Notation for crossover designs

David Afshartous writes,

I’m trying to adapt your p.361 code for data where the “groups” are patients w/ measurements over time.

for (j in 1:J){
    a[j] ~ dnorm (a.hat[j], tau.a)
    a.hat[j] <- g.0 + g.1*u[j]
  }

However, since it's a crossover study each patient has data on control and treatment. Thus if u[j] is the treatment indicator, u[j] will not be unique.

I'm relatively new to bugs and haven't seen any examples like this in your book. Is there a simple solution or could you point me to an example of bugs code that covers this?

One option would be to re-number the patient IDs such that the same patient has two IDs, one for control and one for treatment, but as expected this yields different parameter estimates when say running lmer().

PS - FYI, u[j] doesn't seem to be defined previously in the chapter; whereas the rest of the chapter seems to be self-contained.
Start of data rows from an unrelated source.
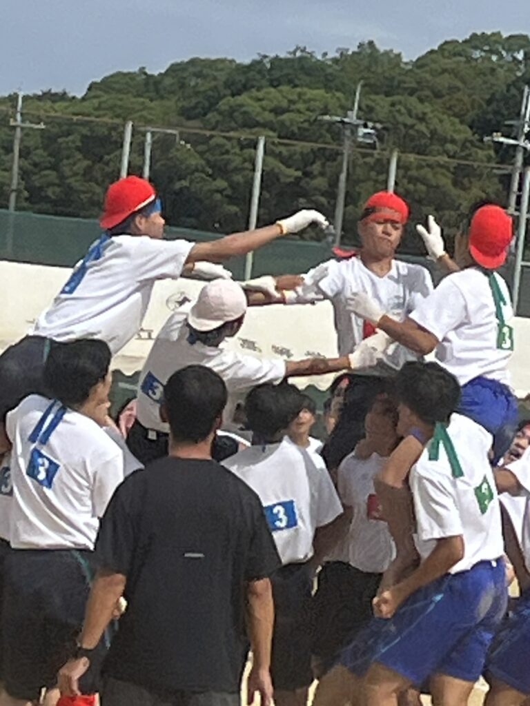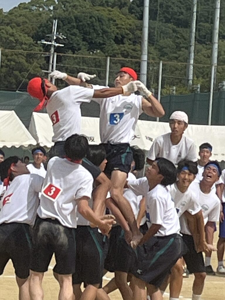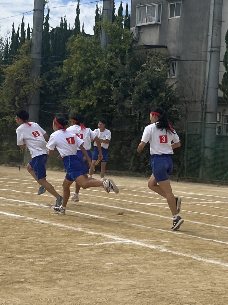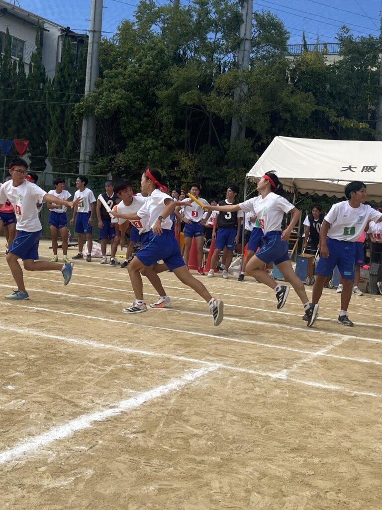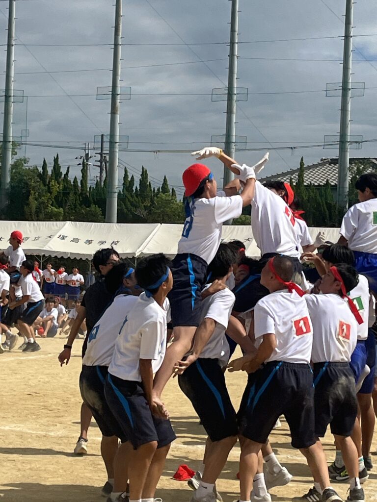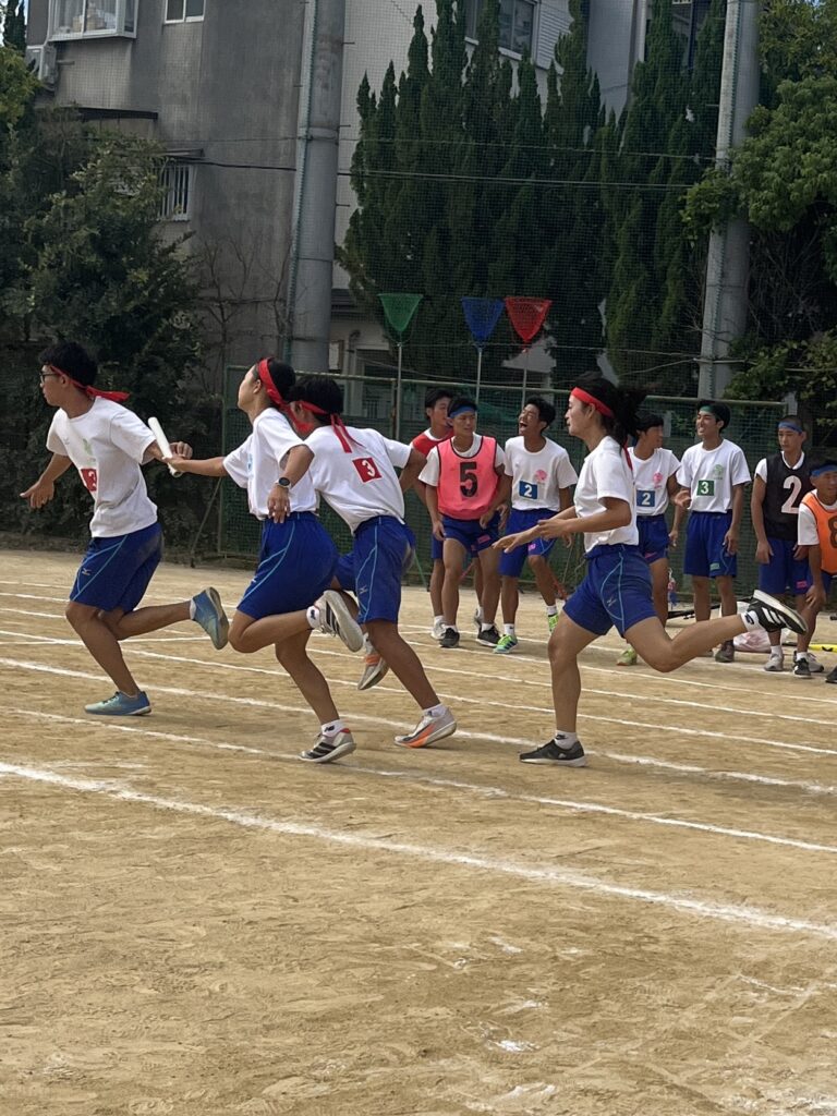 大塚際(体育の部) パート4 徐々にグランドも熱気を帯び、いい感じに盛り上がってきました! 次の種目はプログラムNo.6「騎馬戦」、そしてプログラムNo.7の「スウェーデンリレー」です。騎馬戦は見ごたえ十分。すごい迫力です。なので3年生男子の騎馬戦では、あまり過激にならないように競技の前に集めて注意、少し間をとり落ち着かせてから競技を開始しました! スウェーデンリレーは1走が100m、2走が200m、3走が300m、4走が400mと走る距離が伸びていくハードな種目となっています!
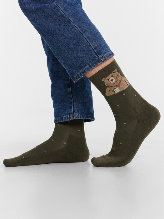 рис.2943 Мужской носок классический высокий с махровой стопой и рисунком в виде медведя.
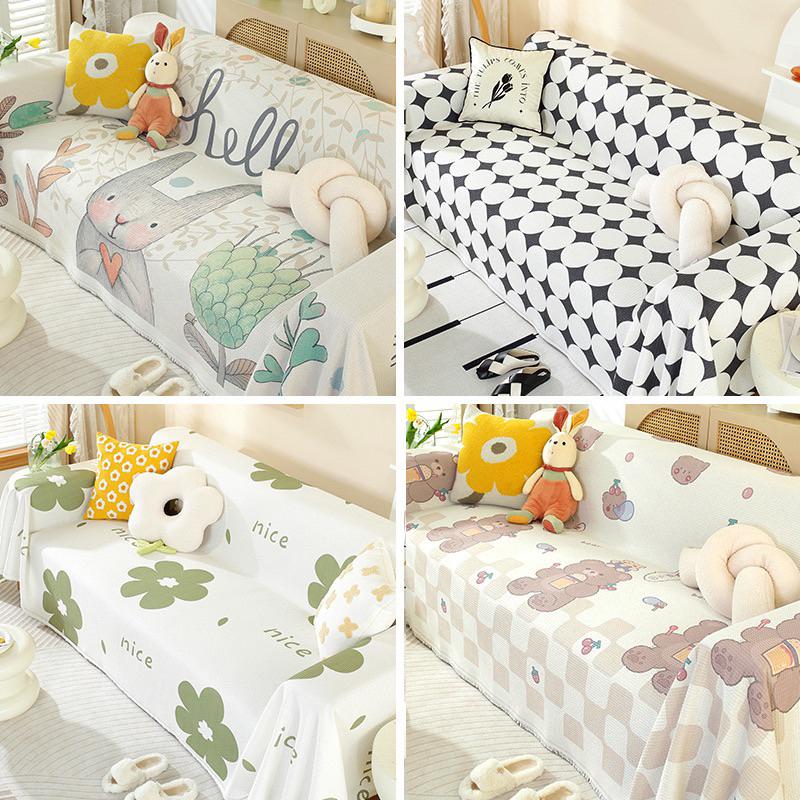 2024年春夏新款自然流蘇邊華夫格防貓抓沙發巾沙發蓋毯沙發毯貓墊狗墊沙發坐墊單人雙人三人座喵家熱銷
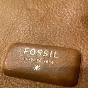 Stylish Fossil leather shoulder bag in Tan with Orange accents. Features a front pocket with a zipper. Used, some Scratch marks on front and back.
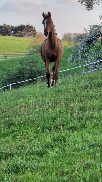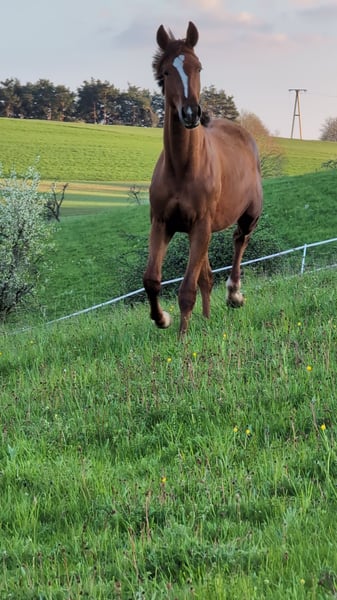 Character, Nobility, and a Sporty Heart For sale is the 20-month-old Hanoverian stallion Escario (born July 7, 2024). A young horse with presence and charisma, distinguished by his remarkable expressiveness and sporting temperament. What makes Escario special: Escario is not a horse for everyone – he is a highly sensitive, fiery personality. He is not a "sleeping pill," but a true athlete with quick comprehension and the necessary "go." If you are looking for a horse with refined communication skills and an appreciation for the extraordinary, you will find here a highly interesting raw diamond. He is absolutely attentive, human-oriented, very trainable, and needs a rider/trainer who can channel his energy effectively. Genetics for the highest demands: Sire: The exceptional stallion Escanto PS (Oldenburg) (by Escamillo). He stands for modern dressage genetics, elasticity, and top performance readiness. Dam: The main mare of the studbook, Fabienne (Hanoverian) (by Fürst Jazz / Totilas bloodlines). She imparts nobility and strength to him. Key Data & Rearing: Name: Escario (Hanoverian) Born: July 7, 2024 (18 months old) Color: Dark chestnut with beautiful markings (blaze, star, three white feet) Location: 67742 Escario is not a desperate sale. I am seeking a partner who recognizes his quality and wishes to promote him purposefully. If seriously interested, I look forward to your message or call to arrange a personal introduction.
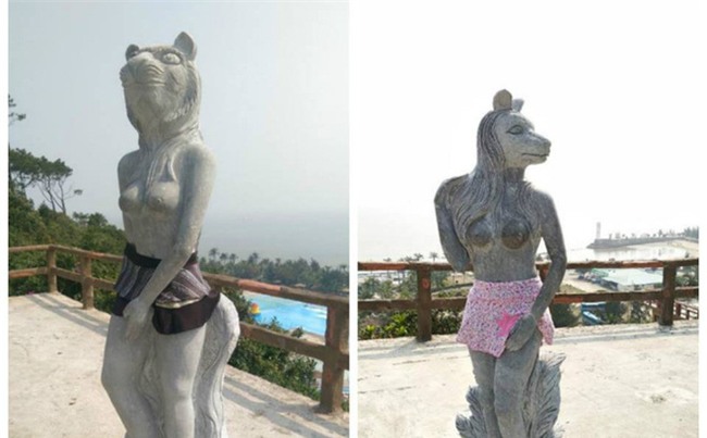 Sau khi dư luận phán ảnh, khu du lịch sẽ cho những bức tượng này mặc quần áo để không gây phản cảm. Ảnh Le Nam Khanh.
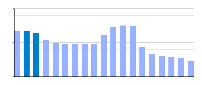 Gráfica de evolución demográfica de Villaescusa de Haro[2] entre 1842 y 2021
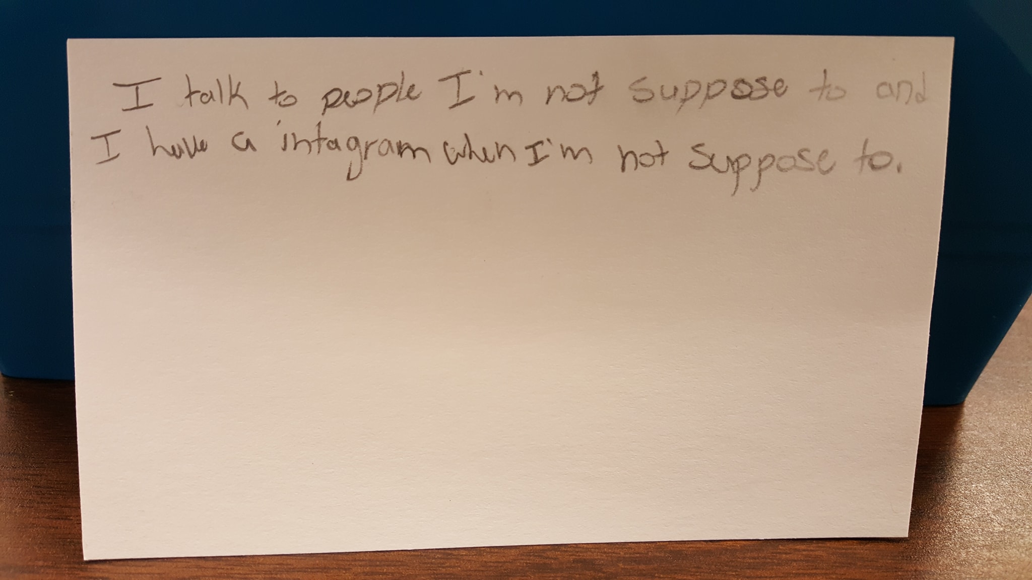«Αυτό που δεν ξέρουν οι γονείς μου για τα social media, είναι ότι μιλάω με ανθρώπους με τους οποίους δεν θα έπρεπε κανονικά να μιλάω αλλά και ότι έχω προφίλ στο instagram, που δεν θα έπρεπε κανονικά να έχω».
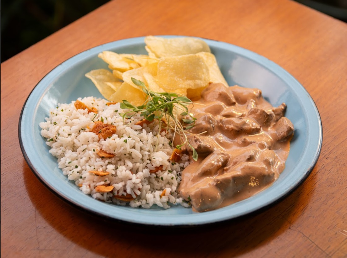 Estrogonofe com filé mignon. O bonzão dos cremes. Vem com aquele arrozinho de alho laminado, salsa e chips de batata ou batata palha, você escolhe.
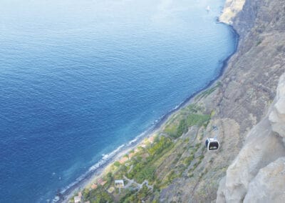 Die schwierigen Anbau-Bedingungen kann man überall an den Hängen der Insel erahnen oder bei Levada-Wanderungen nachempfinden. Beeindruckend sind aber auch einige andere winzige Enklaven des Obst- und Weinanbaus, die bis vor kurzem nur durch recht primitive, abenteuerliche Seillift-Fahrten zugänglich waren. Inzwischen sind die strandnahen Plantagen weit unterhalb der Klippen mit modernen Seilbahnen für Touristen zugänglich, die auch den Ansässigen Leben und Arbeit erleichtern. So gelangen die Reben, Bananen und anderen Früchte zum Beispiel von der Fajo dos Padres an der Südküste zu Märkten und Madeira-Weinfirmen. Einheimische und Reisende kommen zum Baden, Sonnen oder Speisen im kleinen Restaurant, und auch ein paar Gästezimmer in kleinen, schönen Ferienhäusern gibt es.
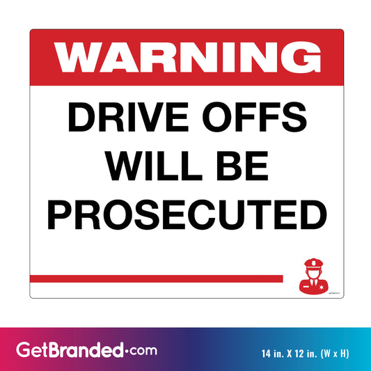 Drive Offs Will Be Prosecuted Warning Decal
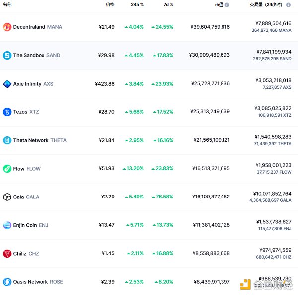 NFT總市值、市值排名前十項目 數據來源:coinmarketcap
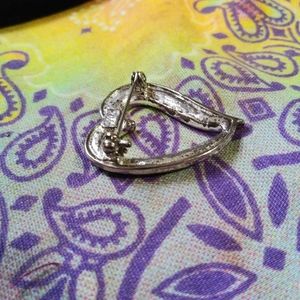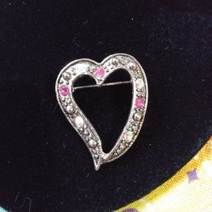 Small sliver heart pin with jewels, it is 1" tall, in great condition!

Did I miss something? Where is the variable u first defined?

My reply: In this case, you could use "i" for measurement, j[i] for patient, t[i] for time, and T[i] for treatment. You can then have patient effects and treatment effects and time effects and various potential interactions.

Also, in response to the u[j] question: for the radon example, that's the county-level uranium measurement (thus, a group-level predictor).